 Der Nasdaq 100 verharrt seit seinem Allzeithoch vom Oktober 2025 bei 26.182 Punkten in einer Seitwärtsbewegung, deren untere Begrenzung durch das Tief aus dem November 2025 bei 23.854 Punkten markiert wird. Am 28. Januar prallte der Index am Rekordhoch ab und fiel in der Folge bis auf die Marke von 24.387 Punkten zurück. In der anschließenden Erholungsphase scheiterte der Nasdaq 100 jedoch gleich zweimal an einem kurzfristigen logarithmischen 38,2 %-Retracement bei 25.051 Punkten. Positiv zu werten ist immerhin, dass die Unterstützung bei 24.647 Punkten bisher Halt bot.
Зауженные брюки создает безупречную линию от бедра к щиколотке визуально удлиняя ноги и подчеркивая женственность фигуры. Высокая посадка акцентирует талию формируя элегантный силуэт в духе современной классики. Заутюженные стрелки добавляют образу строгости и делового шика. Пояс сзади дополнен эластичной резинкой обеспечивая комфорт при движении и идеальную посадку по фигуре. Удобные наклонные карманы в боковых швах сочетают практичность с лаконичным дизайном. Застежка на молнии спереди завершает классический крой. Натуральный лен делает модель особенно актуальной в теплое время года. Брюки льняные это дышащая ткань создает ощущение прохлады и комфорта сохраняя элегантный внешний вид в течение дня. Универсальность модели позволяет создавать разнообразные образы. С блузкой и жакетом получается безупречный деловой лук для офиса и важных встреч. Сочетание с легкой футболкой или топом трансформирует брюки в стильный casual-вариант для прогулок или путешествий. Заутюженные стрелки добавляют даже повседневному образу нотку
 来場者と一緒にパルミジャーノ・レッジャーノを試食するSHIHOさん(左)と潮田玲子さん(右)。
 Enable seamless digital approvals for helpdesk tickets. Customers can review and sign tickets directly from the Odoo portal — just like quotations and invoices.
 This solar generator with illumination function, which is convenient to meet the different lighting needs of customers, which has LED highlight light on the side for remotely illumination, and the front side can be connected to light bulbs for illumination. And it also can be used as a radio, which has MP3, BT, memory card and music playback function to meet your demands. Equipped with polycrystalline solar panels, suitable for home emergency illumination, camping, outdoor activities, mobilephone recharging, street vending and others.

────────────────────

INSTRUCTIONS TO FOLLOW
The full set of entries above should be given again exactly.

SOLUTION BELOW
 Der Nasdaq 100 verharrt seit seinem Allzeithoch vom Oktober 2025 bei 26.182 Punkten in einer Seitwärtsbewegung, deren untere Begrenzung durch das Tief aus dem November 2025 bei 23.854 Punkten markiert wird. Am 28. Januar prallte der Index am Rekordhoch ab und fiel in der Folge bis auf die Marke von 24.387 Punkten zurück. In der anschließenden Erholungsphase scheiterte der Nasdaq 100 jedoch gleich zweimal an einem kurzfristigen logarithmischen 38,2 %-Retracement bei 25.051 Punkten. Positiv zu werten ist immerhin, dass die Unterstützung bei 24.647 Punkten bisher Halt bot.
Зауженные брюки создает безупречную линию от бедра к щиколотке визуально удлиняя ноги и подчеркивая женственность фигуры. Высокая посадка акцентирует талию формируя элегантный силуэт в духе современной классики. Заутюженные стрелки добавляют образу строгости и делового шика. Пояс сзади дополнен эластичной резинкой обеспечивая комфорт при движении и идеальную посадку по фигуре. Удобные наклонные карманы в боковых швах сочетают практичность с лаконичным дизайном. Застежка на молнии спереди завершает классический крой. Натуральный лен делает модель особенно актуальной в теплое время года. Брюки льняные это дышащая ткань создает ощущение прохлады и комфорта сохраняя элегантный внешний вид в течение дня. Универсальность модели позволяет создавать разнообразные образы. С блузкой и жакетом получается безупречный деловой лук для офиса и важных встреч. Сочетание с легкой футболкой или топом трансформирует брюки в стильный casual-вариант для прогулок или путешествий. Заутюженные стрелки добавляют даже повседневному образу нотку
 来場者と一緒にパルミジャーノ・レッジャーノを試食するSHIHOさん(左)と潮田玲子さん(右)。
 Enable seamless digital approvals for helpdesk tickets. Customers can review and sign tickets directly from the Odoo portal — just like quotations and invoices.
 This solar generator with illumination function, which is convenient to meet the different lighting needs of customers, which has LED highlight light on the side for remotely illumination, and the front side can be connected to light bulbs for illumination. And it also can be used as a radio, which has MP3, BT, memory card and music playback function to meet your demands. Equipped with polycrystalline solar panels, suitable for home emergency illumination, camping, outdoor activities, mobilephone recharging, street vending and others.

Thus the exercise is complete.